От этих примитивно-радужных мыслей меня отвлек очень высокий человек в шикарном черном пальто и тоже черной, но легкой, совсем не по погоде шляпе, надвинутой на глаза. Он вынырнул из снегового тумана, словно какой-нибудь старик Хоттабыч, прошедший сквозь стену, и я сразу почуял неладное. А ведь у меня даже пистолета с собой не было. Я же теперь простой мирный гражданин, строго соблюдающий правила авиаперелетов. Господи, о чем я думал? Разве от того зла, что угрожало мне теперь, можно отстреливаться? Ну, если только серебряными пулями…
Передо мной стоял Стив. Владыка Чиньо. О, как же я мог забыть о назначенной им обязательной встрече?
– Добрый день, – сдвигая шляпу на затылок, чинно поклонился Чиньо (аллитерация, прошу заметить, нарочитая).
– О! – восхитился я. – Мы говорим сегодня по-русски, Владыка Чиньо?
– Да, бодхисатва.
– Кто, простите? – я надеялся подколоть его, но проиграл и этот раунд, опешив от его непонятного обращения.
– Ну, друг мой, стыдно не знать классического буддизма. Но вы еще молоды, и вам простительно. Вот, возьмите это, и тогда многое станет понятнее.
Он протянул мне изящную кожаную папку, оказавшуюся, впрочем, достаточно увесистой.
– Что здесь? – поинтересовался я. – Не зазвенит в «рамке»?
– Не должна, – сказал Стив. – Это всего лишь рукопись, которой вряд ли заинтересуется таможня. А вот вы почитайте, почитайте.
– Зачем? – я вновь становился агрессивным.

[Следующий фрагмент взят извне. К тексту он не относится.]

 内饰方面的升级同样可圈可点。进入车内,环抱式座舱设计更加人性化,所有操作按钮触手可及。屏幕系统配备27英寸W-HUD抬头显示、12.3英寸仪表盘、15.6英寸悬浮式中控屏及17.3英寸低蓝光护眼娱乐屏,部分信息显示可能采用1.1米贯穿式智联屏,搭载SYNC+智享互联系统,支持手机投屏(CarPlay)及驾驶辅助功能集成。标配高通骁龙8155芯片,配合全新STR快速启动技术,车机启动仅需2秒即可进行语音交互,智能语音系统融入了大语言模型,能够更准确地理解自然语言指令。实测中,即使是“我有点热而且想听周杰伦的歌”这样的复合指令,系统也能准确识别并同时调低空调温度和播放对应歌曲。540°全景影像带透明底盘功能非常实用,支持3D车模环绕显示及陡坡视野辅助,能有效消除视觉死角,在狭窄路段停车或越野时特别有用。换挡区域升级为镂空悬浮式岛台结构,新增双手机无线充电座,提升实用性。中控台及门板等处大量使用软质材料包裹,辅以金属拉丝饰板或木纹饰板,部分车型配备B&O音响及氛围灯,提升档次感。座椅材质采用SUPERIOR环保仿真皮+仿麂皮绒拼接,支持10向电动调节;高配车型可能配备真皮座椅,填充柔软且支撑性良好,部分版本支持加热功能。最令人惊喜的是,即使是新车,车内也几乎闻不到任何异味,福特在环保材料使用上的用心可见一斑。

– Все очень просто, Микеле. Помните Давида Маревича? Вы познакомились с ним в точке сингулярности…
Я вздрогнул, потому что Маревича этого помнил слишком даже хорошо. Все, что происходило там, было записано мною досконально и перечитано много раз. Именно Давид рассказывал о том, как его убили в 91-м, и как теперь он оказался вот тут, с нами, в 99-м.

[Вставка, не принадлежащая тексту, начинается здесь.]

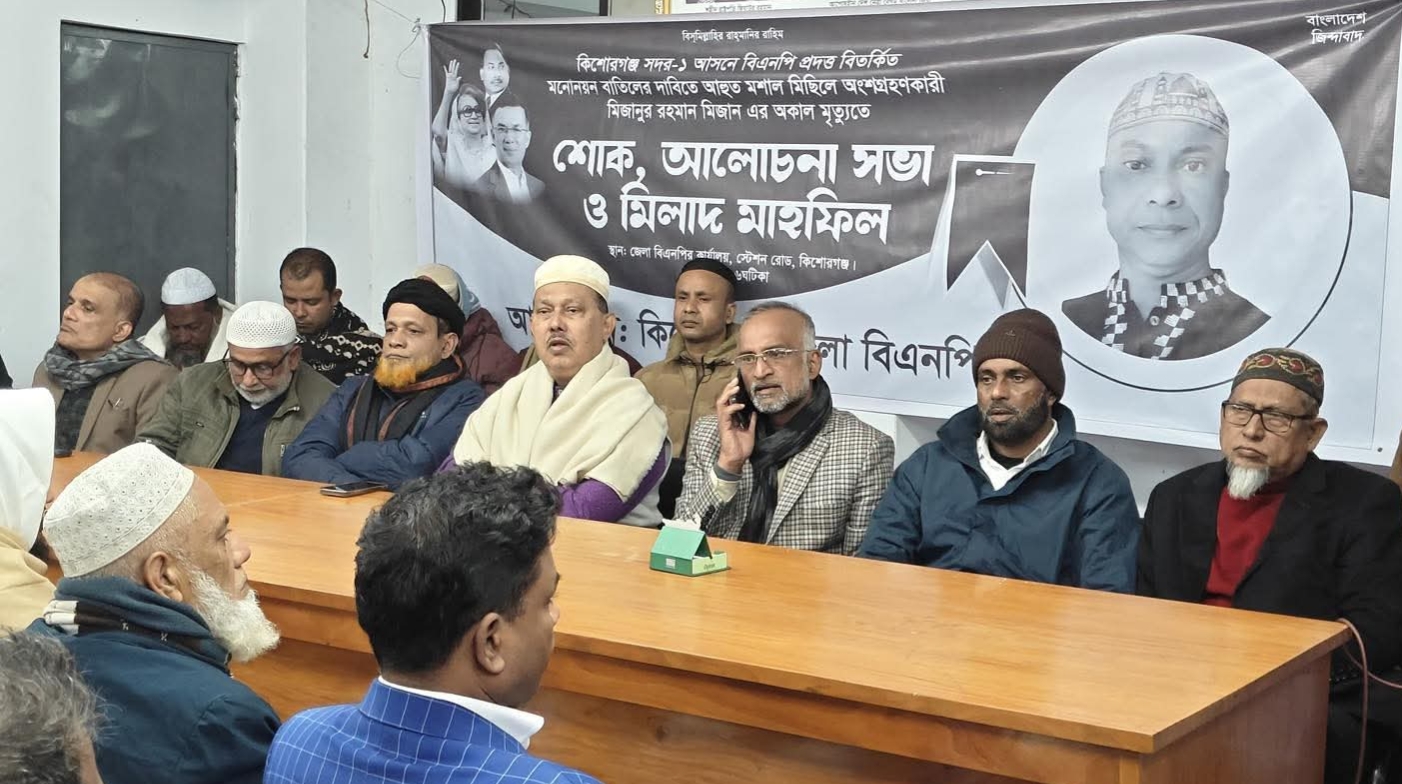কিশোরগঞ্জ-১ আসনে বিতর্কিত মনোনয়ন বাতিলের দাবিতে আন্দোলনে অংশগ্রহণকারী মিজানের মৃত্যুতে শোকসভা ও মিলাদ

«Маревич – Посвященный!» – мгновенно щелкнуло в голове.
– Так вот, – продолжал Чиньо, – здесь его дневник. Давид хотел, чтобы вы его опубликовали под своей фамилией. Как фантастический роман.
– Ничего себе! Давид сам просил вас об этом? – спросил я с трогательной наивностью, словно какой-нибудь Шурик из «Кавказской пленницы».
– Ну, разумеется. Он не профессиональный писатель. Над текстом придется поработать. И знаете что, желательно вести рассказ от третьего лица и не менять, ни одного имени, ни одной фамилии. Ни одной.
Я чуть было не сказал, что все это уже слышал от Кречета, но потом передумал и дурашливо козырнул:
– Будет сделано.
– Это очень важно, Микеле, – тяжко вздохнул Чиньо.
Тогда я совладал с улыбкой и, насколько мог серьезно, произнес:
– Честное слово. Я готов написать этот роман. Честное слово.
– Ну, вот и славно, – искренне обрадовался Стив, – теперь идите. А то уже регистрация заканчивается.
Я протянул ему руку. Мы расставались друзьями, я сам удивлялся тому, как это получилось, но Чиньо решил все испортить. Он догнал меня у самого паспортного контроля.
– О, Боже, которого нет! – несколько странно воскликнул он. – Чуть не забыл.
Хитрец! Разве такие люди что-нибудь забывают?
– Возьмите еще вот это.
Маленький желтый конверт. Не заклеенный. И в нем – ну да, фотография, обгоревшая с двух углов. Слишком хорошо знакомая мне фотография.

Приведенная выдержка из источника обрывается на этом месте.